A return to three-piece hard rock as Bruce teams up with the guitarist and drummer from Mountain.

 

 

 

 

A Year in the Country: I’d like to give a mention this month to the fascinating ‘A Year in the Country’ project.  What’s it all about?  I can do no better than to quote from their site:

A Year In The Country is a year long journey through and searching for an expression of an underlying unsettledness to the English bucolic countryside dream; an exploration of an otherly pastoralism, the patterns beneath the plough/pylons and amongst the edgelands… it is a wandering about and through the trails of things that have influenced, inspired and intrigued me along the way, which will quite possibly take in the further flung reaches of work with its roots in folkloric concerns and what has been labelled hauntological culture.

And two of their recent audiological releases I can recommend:

Immersion‘Immersion’ – Grey Frequency (2014)

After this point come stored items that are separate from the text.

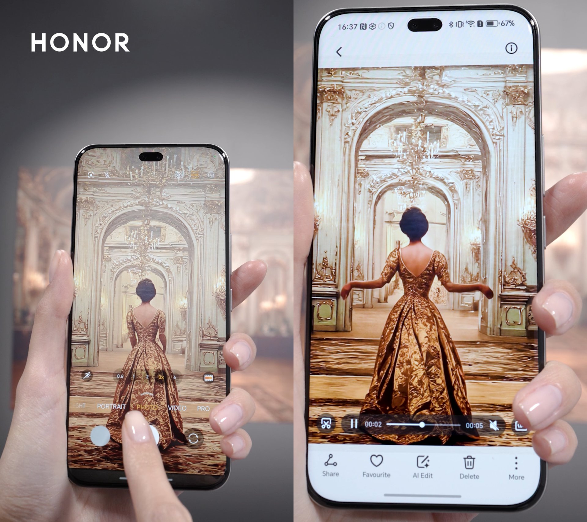 Фотографите често срещат значителни предизвикателства, когато опитват да заснемат шедьоврите, изложени зад защитно стъкло или осветени от прожектори в музеите. Отраженията, причинени от осветление, сенки или стъклени повърхности, могат да скрият важни детайли и намаляват цялостното качество на изображението. Серията HONOR 400 решава този проблем с функцията си AI Remove Reflection (Премахване на отражения с изкуствен интелект), която интелигентно открива и премахва отблясъците и така гарантира, че произведението на изкуството или обектът е заснет в най-чистата си форма.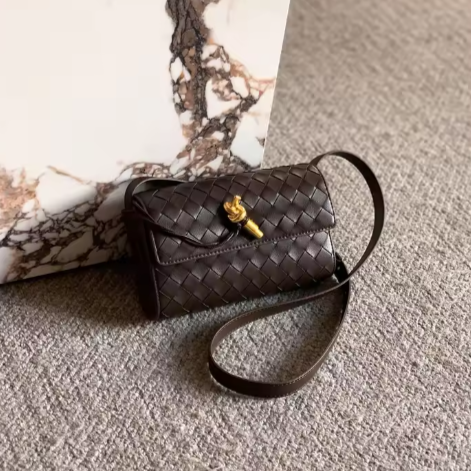 This sophisticated crossbody bag features a beautifully woven leather exterior in a rich burgundy color. The compact rectangular shape measures approximately 22cm long, 5cm wide, and 13cm height – perfect for carrying essentials while maintaining a sleek silhouette.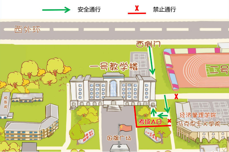 4.本校应届考生在每场考试结束后,从一号教学楼正门离开考场时严禁翻越警戒线离开校园。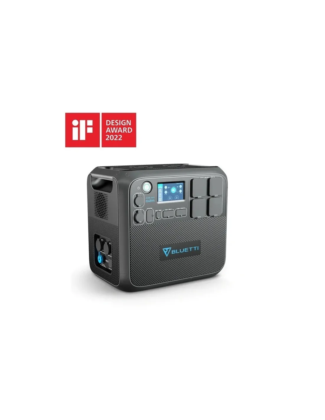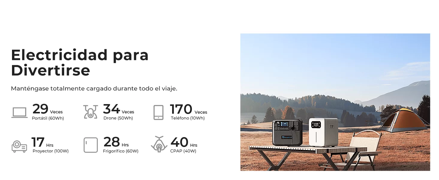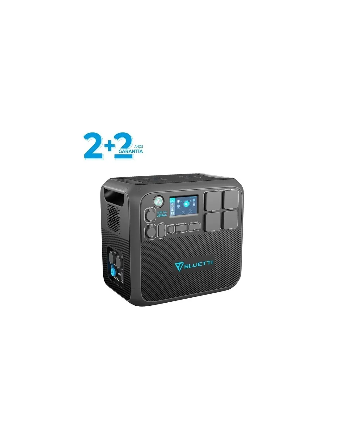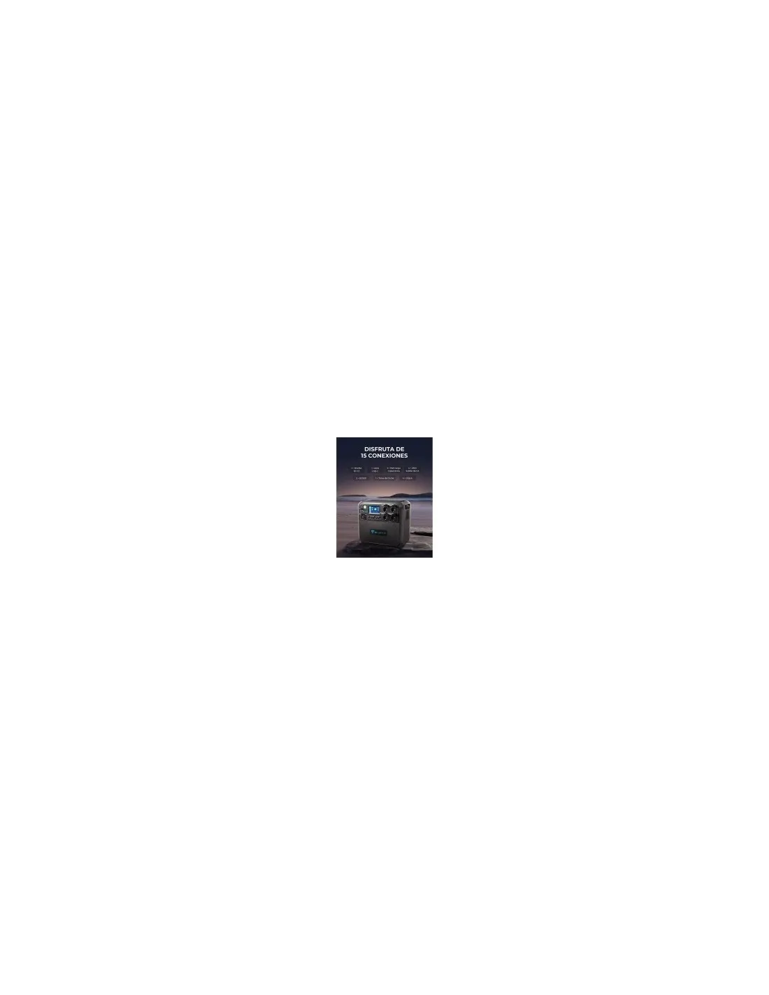 La capacidad de la batería es de 2048 Wh, ampliable con hasta 2 módulos adicionales. El inversor de corriente alterna (AC) proporciona 2.200 W de onda sinusoidal pura, con un pico de hasta 4800 W. Además, cuenta con una entrada solar de hasta 900 W y una entrada de adaptador de 400 W, con un total combinado de 1300 W. Todo se controla a través de una aplicación inteligente.

“…when I listen to Immersion it feels like a capturing of activity hidden deep below the surface of things, the inexorable power of nature and it’s movement/force against it’s own edifices and those of civilisation over many years; a capturing of the sound of those self same rending and collapsing into the below.”

 

 

Torridon Gate‘Torridon Gate’ – Howlround (2014)

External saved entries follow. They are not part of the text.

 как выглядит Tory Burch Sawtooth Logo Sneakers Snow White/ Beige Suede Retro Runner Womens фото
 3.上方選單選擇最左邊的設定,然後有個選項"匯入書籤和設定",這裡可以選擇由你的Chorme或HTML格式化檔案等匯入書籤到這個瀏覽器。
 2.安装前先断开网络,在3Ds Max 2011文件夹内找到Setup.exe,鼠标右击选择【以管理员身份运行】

“All of the music on this album was created from a single recording of a front garden gate on Torridon Road in Hither Green, London. These sounds were captured using a contact microphone and processed, looped and edited on three reel-to-reel tape machines with all electronic effects or artificial reverb strictly forbidden.”

 

 

And watching:

Don't Look Now‘Don’t Look Now’ – Nicolas Roeg (1973)

In Nicolas Roeg’s occult thriller from 1973 he succeeds in coaxing superb performances from his two stars while at the same time playing intriguing games with his audience.  Through flash-backs, flash-forwards and breakneck editing, time in Don’t Look Now is presented as something with multiple layers and limitless connections.  Visual and aural patterns are thrown into the mix at a bewildering rate and the ending, for me, never fails to produce a physical chill of shock.

 

Rita, Sue and Bob Too‘Rita, Sue and Bob Too’ – Alan Clarke (1987)

One day someone will make a film of screenwriter Andrea Dunbar’s tragically short life.  Hopefully it will be painful, funny and inspiring, just like her.  In the meantime we have this, her best known work, an effervescent slice of realism set on the Buttershaw estate in Bradford where Dunbar grew up.

 

 

 

Nil By Mouth‘Nil By Mouth’ – Gary Oldman (1997)

Gary Oldman’s debut feature as a writer and director tells the story of a dysfunctional family on a bleak South London estate.  Oldman’s dialogue crackles with life and Ray Winstone and Kathy Burke deliver two outstanding performances.